Вот-вот должен был выпасть снег. Но к первому снегопаду сносная жилая землянка, теплая, с печуркой, и даже не без некоторых удобств, стараниями Валерия Николаевича уже была готова. В ней мы прожили несколько осенних и зимних месяцев, пока не замерзли болота, по которым мы смогли выбраться в Туруханск. В небольшое становище местных охотников, расположенное в нескольких километрах от нашей экспедиционной «базы», мы ходили только в баню. Чаще же они приходили в гости к нам, вели долгие беседы. В тайге Валерий Николаевич умел сделать все, все добыть. Это был человек, с которым не пропадешь и на необитаемом острове. А ханты, ненцы, селькупы и особенно манси принимали его за своего. Его дар находить общий язык был неподражаем».
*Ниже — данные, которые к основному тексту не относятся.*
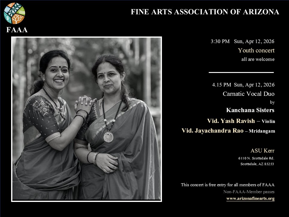 Fine Arts Association of Arizona proudly presents carnatic vocal concert by Kanchana Sisters and team.

Манси — небольшая северная народность, едва насчитывающая восемь тысяч человек. Но это — самостоятельный народ, и нет, пожалуй, в его истории человека, который сделал бы больше, чем Валерий Николаевич Чернецов. Он был одним из создателей письменности на мансийском языке, создал для мансийских школьников первый букварь — «Ильпи лоннгх» («Новый путь»). Им разработан первый грамматический очерк этого языка, составлен мансийско-русский словарь. Всю жизнь Чернецов занимался изучением этнографии таежного народа. На основе археологических раскопок им создана глубокая концепция древней истории манси и родственных ему народов Нижнего Приобья. Большая монография Чернецова посвящена культурному наследию предков таежников.
Вся деятельность Валерия Николаевича проникнута чувством неизбывного уважения к мужественному северному племени, стремлением вывести его из состояния социального анабиоза, возродить к новой жизни. Но интересы Чернецова не ограничивались только изучением манси. Он оставил заметный след в истории исследования ненцев, ханты, первых русских сибиряков.
Ранний этап его биографии чем-то напоминает юность Прокофьева. Отец Чернецова также был крупным архитектором и по наследству передал сыну явные художественные способности. Окончив гимназию, юный Чернецов не мог сразу определить свой жизненный выбор. Его влекла техника, сутками напролет он мог возиться с моторами, приборами, механизмами (в зрелые годы ему доставляло большое удовольствие иметь старый драндулет неизвестной марки, который ездил меньше, чем ремонтировался). Один из родственников устроил недавнего гимназиста в геодезическую экспедицию, которая отправлялась на границу Европы и Азии. Так Валерий впервые попал на Северный Урал. Геодезисты два сезона работали в районе расселения вогулов, на берегах Ляпина, Лозьвы и их многочисленных притоков. Места малолюдные, малонаселенные, общаться приходилось только с местными жителями.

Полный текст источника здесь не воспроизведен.